AI answer engines — ChatGPT, Perplexity, Gemini, Claude — are becoming a real referral channel. When someone asks "who can build me an AI voice agent in Dubai?", the model answering that question has to decide what your site is from whatever it managed to crawl.
llms.txt is the emerging convention for making that easy: a single markdown file at the root of your domain that gives language models a clean, curated map of your site — what you do, what your best pages are, and why they're worth citing. Think of it as a sitemap written for readers instead of crawlers.
We shipped one for our studio site this week. Here's the working example, and the entire implementation.
Live example: techpotions.com/llms.txt
The shape of a good llms.txt
The spec is deliberately simple: an # H1 with your name, a > blockquote summary, then markdown sections of links with one-line descriptions. Ours has four sections:
- Services — the commercial pillars, one line each
- Selected work — real client case studies (the proof an AI engine can cite)
- Comparisons — our "X vs Y" evergreen pages, which are exactly the kind of content answer engines love to pull from
- Company — about, contact, how to start a project
The mistake to avoid: dumping your entire sitemap into it. The value is curation — high-signal pages with honest descriptions, not 4,000 URLs.
The Next.js implementation
We generate it in an App Router route handler instead of a static file, for one reason: it should never drift from the site. It's built from the same data sources as the pages themselves — static config for services and comparisons, the CMS (Payload) for published posts and case studies. Publish a new case study, and it shows up in llms.txt within the hour, automatically.
app/llms.txt/route.ts:
export const dynamic = 'force-static'
export const revalidate = 3600 // crawler-only route: hourly ISR is plenty
function bullet(label: string, url: string, desc?: string | null): string {
const d = oneLine(desc) // collapse whitespace, trim to ~160 chars
return `- [${label}](${url})${d ? `: ${d}` : ''}`
}
export async function GET() {
const lines: string[] = []
lines.push(`# ${SITE_NAME}`, '', `> ${DEFAULT_SEO.description}`, '')

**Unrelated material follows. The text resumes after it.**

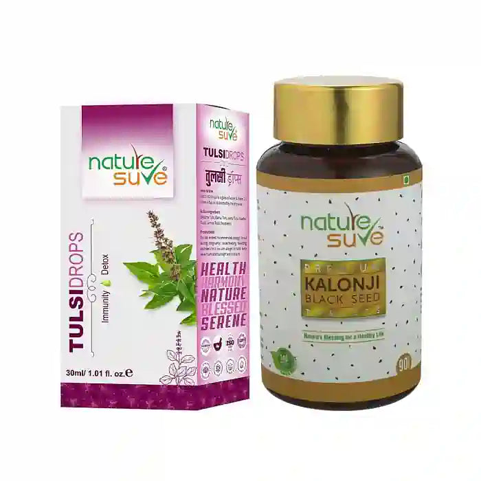 - Get 1 pack of 30ml Nature Sure Tulsi Drops and 1 pack of 90 Nature Sure Kalonji Tablets for Immune Support in this combo

lines.push('## Services', '')
for (const s of SERVICES) {
lines.push(bullet(s.title, canonical(`/services/${s.slug}`), s.summary))
}
// Published case studies + posts from the CMS — wrapped in try/catch so
// the route still emits the static sections if the DB is unreachable.
try {
const { posts, cases } = await fetchDocs() // Payload: _status = published
lines.push('', '## Selected work (real client builds)', '')
for (const c of cases) {
lines.push(bullet(c.title, canonical(`/work/${c.slug}`), c.summary))
}
// ...same pattern for comparisons and posts
} catch {
// DB down at build time? Ship the static sections anyway.
}
return new Response(lines.join('\n'), {
headers: {
'Content-Type': 'text/plain; charset=utf-8',
'Cache-Control': 'public, max-age=0, s-maxage=3600, stale-while-revalidate=86400',
},
})
}
A few decisions worth stealing:
-
force-static+ hourlyrevalidate. No model needs a real-time view of your site, and this keeps the CMS off the hot path entirely. Same caching strategy as oursitemap.ts. - Generate from the same sources as the site. A hand-maintained llms.txt is stale within a month. Ours can't be — it reads the exact config objects and CMS queries the pages render from.
-
Fail open. If the database is unreachable during a build, the
catchblock still emits the static sections. A degraded llms.txt beats a 500. - One-line descriptions, truncated. Models don't need your whole meta description; ~160 clean characters per link keeps the file scannable end to end.
Does it work?
Honest answer: it's early, and nobody outside the answer-engine companies can tell you the citation weight of llms.txt today. What we can say is that the file costs about a hundred lines of code, removes any guesswork about how models summarize you, and the convention has real momentum. For a marketing site, that's an easy trade.
We're TechPotions, a software & AI studio — we build production Next.js apps and AI agents (see our work). If you're weighing a build, our comparison guides are a good place to start.
Top comments (2)
actually a smart way to handle this, way better than just hoping the crawler gets the sitemap right
Thanks Dmitry! The sitemap comparison is exactly it - a sitemap tells a crawler what exists, but nothing about what matters. The curation (one honest line per page) is the part that actually changes how assistants describe you. If you end up wiring one into your own site, happy to answer anything.